- Aim of the exercise -
Please set down exactly the lines of the listing below from the line containing "Global Info Research" through the line containing "3、编辑你宠物的相关信息,比如头像、名字、品种、体重之类的内容。", both lines included, leaving out all other lines.

- Input records -
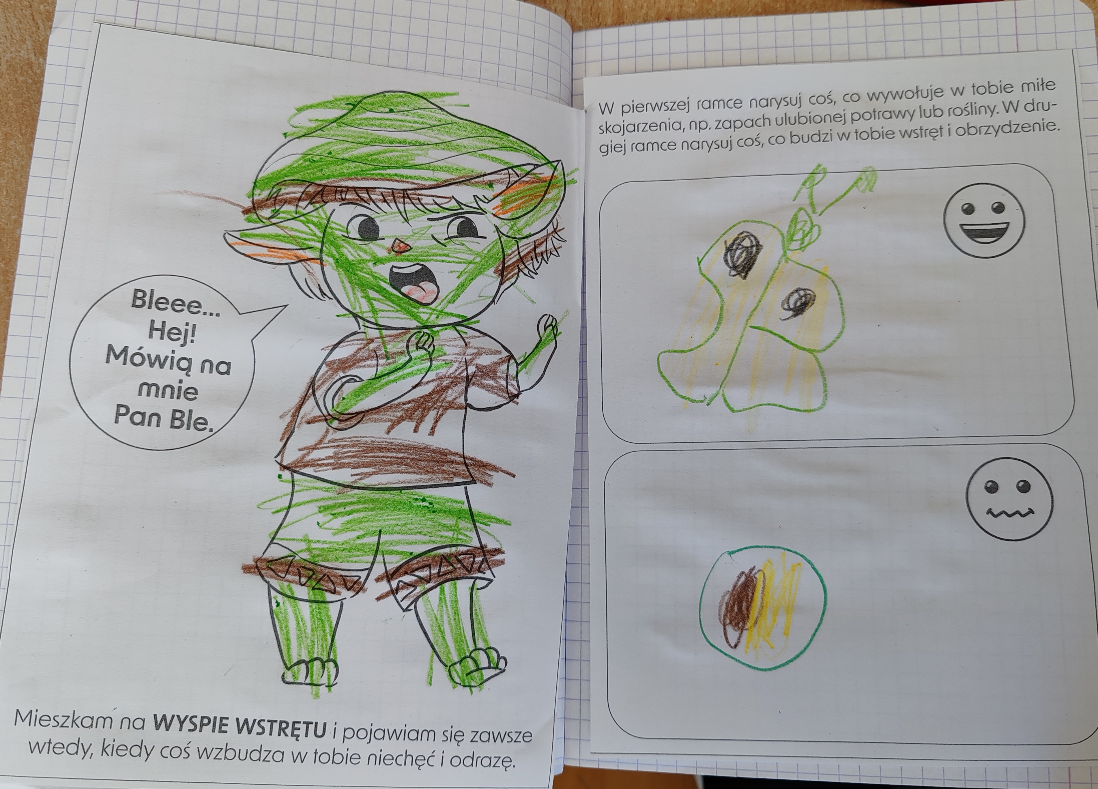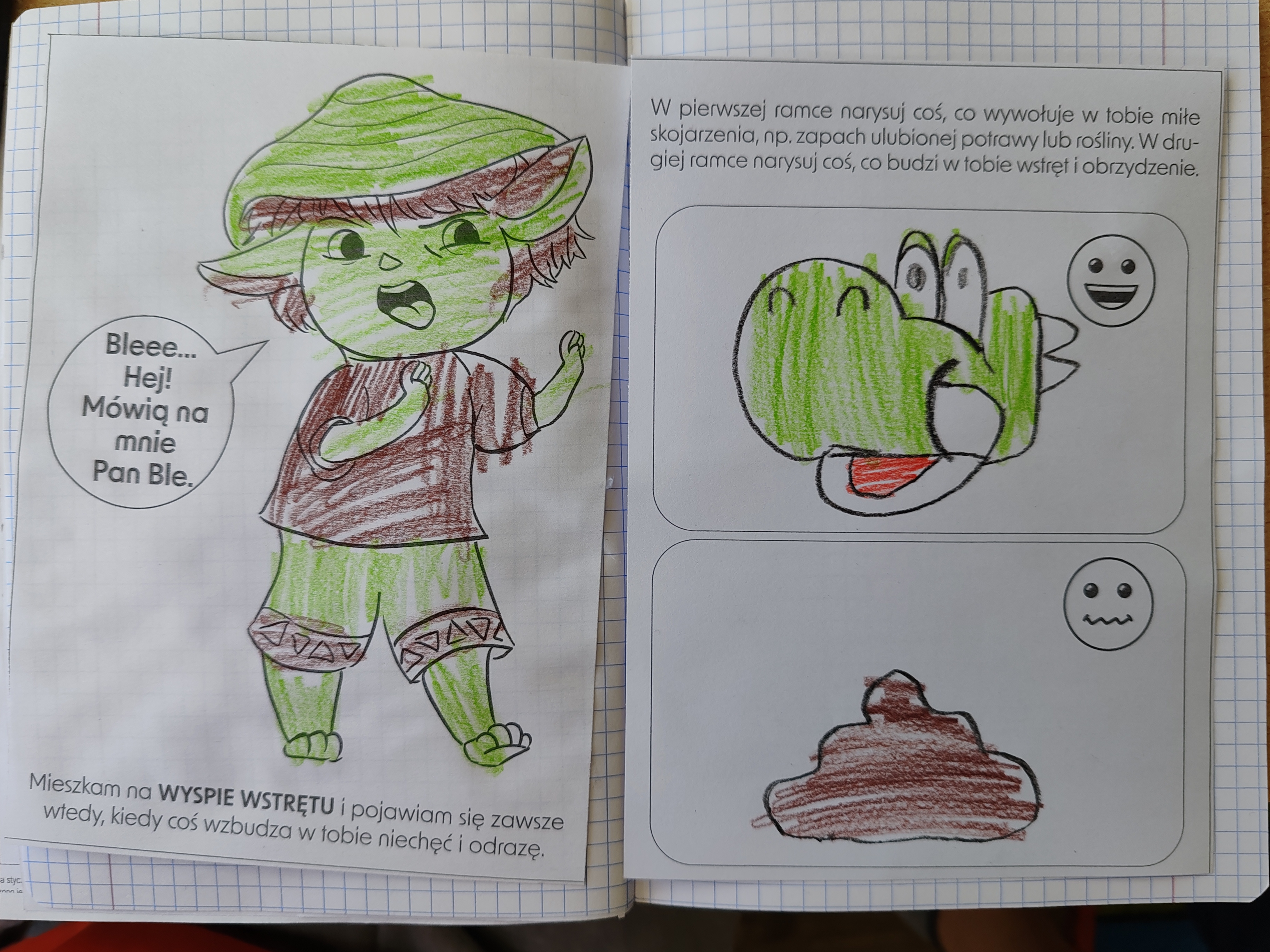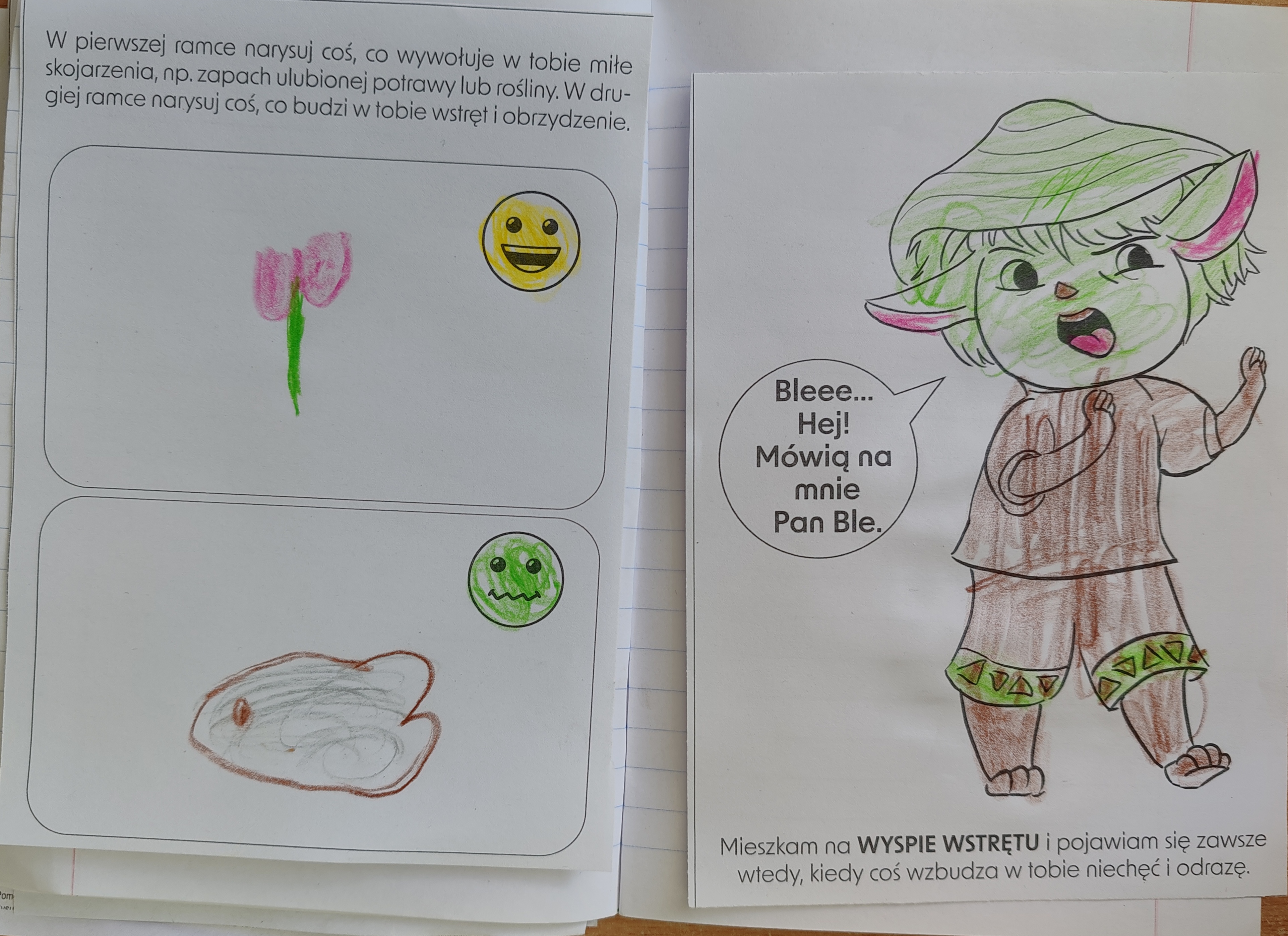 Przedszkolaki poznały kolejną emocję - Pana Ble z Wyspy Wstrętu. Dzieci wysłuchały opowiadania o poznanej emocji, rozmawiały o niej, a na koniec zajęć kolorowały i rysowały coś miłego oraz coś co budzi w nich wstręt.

---

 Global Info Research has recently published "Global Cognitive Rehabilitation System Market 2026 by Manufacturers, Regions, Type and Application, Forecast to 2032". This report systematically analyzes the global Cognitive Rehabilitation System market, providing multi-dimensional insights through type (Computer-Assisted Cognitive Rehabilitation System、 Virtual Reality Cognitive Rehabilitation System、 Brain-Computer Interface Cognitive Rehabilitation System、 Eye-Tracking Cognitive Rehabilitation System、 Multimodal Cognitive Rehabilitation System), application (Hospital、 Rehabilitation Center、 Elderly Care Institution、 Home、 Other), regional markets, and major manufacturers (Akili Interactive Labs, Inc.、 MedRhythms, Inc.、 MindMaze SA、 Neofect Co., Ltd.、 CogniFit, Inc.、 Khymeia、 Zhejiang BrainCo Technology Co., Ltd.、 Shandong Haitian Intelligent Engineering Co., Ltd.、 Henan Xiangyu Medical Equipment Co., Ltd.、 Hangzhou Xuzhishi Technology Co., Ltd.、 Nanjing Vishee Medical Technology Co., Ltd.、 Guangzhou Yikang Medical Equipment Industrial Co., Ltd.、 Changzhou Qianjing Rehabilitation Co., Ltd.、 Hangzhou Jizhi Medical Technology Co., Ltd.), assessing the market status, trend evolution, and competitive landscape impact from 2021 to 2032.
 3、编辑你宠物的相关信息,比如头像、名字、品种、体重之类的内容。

- Solution -
 Global Info Research has recently published "Global Cognitive Rehabilitation System Market 2026 by Manufacturers, Regions, Type and Application, Forecast to 2032". This report systematically analyzes the global Cognitive Rehabilitation System market, providing multi-dimensional insights through type (Computer-Assisted Cognitive Rehabilitation System、 Virtual Reality Cognitive Rehabilitation System、 Brain-Computer Interface Cognitive Rehabilitation System、 Eye-Tracking Cognitive Rehabilitation System、 Multimodal Cognitive Rehabilitation System), application (Hospital、 Rehabilitation Center、 Elderly Care Institution、 Home、 Other), regional markets, and major manufacturers (Akili Interactive Labs, Inc.、 MedRhythms, Inc.、 MindMaze SA、 Neofect Co., Ltd.、 CogniFit, Inc.、 Khymeia、 Zhejiang BrainCo Technology Co., Ltd.、 Shandong Haitian Intelligent Engineering Co., Ltd.、 Henan Xiangyu Medical Equipment Co., Ltd.、 Hangzhou Xuzhishi Technology Co., Ltd.、 Nanjing Vishee Medical Technology Co., Ltd.、 Guangzhou Yikang Medical Equipment Industrial Co., Ltd.、 Changzhou Qianjing Rehabilitation Co., Ltd.、 Hangzhou Jizhi Medical Technology Co., Ltd.), assessing the market status, trend evolution, and competitive landscape impact from 2021 to 2032.
 3、编辑你宠物的相关信息,比如头像、名字、品种、体重之类的内容。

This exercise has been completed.